Bates is an actor of impressive range and flexibility. In Far from the Madding Crowd he played Thomas Hardy's Gabriel Oak as a pillar of stability: the actor's purposefully wooden exterior was ideal for playing a simple character who is defined by patience, dedication, and loyalty. (Bates also appeared in Hardy's The Mayor of Casterbridge for BBC-TV.) In sharp contrast to Gabriel Oak is his role in The Go-Between as Ted Burgess, another strong peasant type, also infatuated with a striking woman who, like Bathsheba Everdene in Far from the Madding Crowd, breaks his heart. But in The Go-Between, his character's response is much different. As the plot moves towards its climax, Bates must suggest that Burgess's spirit has been broken. He very effectively portrays the inner turbulence of the character, but even more challenging is the mystical enigma of Charles Crossley in The Shout, adapted from a strange and disturbing short story by Robert Graves concerning an intruder with shamanic powers who disrupts the lives of a staid English couple. Roles such as these make his performance as the romantic lead in An Unmarried Woman seem rather conventional (though decidedly entertaining) by comparison.

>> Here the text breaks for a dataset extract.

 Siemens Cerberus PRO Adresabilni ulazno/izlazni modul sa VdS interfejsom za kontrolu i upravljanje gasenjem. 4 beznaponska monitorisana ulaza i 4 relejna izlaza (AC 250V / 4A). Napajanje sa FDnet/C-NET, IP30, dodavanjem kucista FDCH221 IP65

Bates has had his best later-career role in The Grotesque, giving a picture-stealing performance as Sir Hugo Coal, a crusty, aristocratic English squire who is fascinated by dinosaurs to the point of reproducing a full-scale model of one. Of course, he himself, as a representative of the stuffy upper classes, is a dinosaur. Sir Hugo no longer sleeps with his wife, and prefers physically tussling with men. As a member of a repressed class, however, he can only fantasize or act out the kind of sexuality in which his amoral new servant (played by Sting) revels. The character of Sir Hugo makes for a telling contrast to Bates's earthy Rupert Birkin in Women in Love: in the latter, he raised eyebrows with his nude wrestling scene with Oliver Reed.

In the first part of The Grotesque, Bates seems to be parodying Nigel Bruce's Dr. Watson, but as the story progresses he also gets to be seriously dramatic. His performance is superb, and one hopes that, in the future, he will be offered similar, equally challenging roles.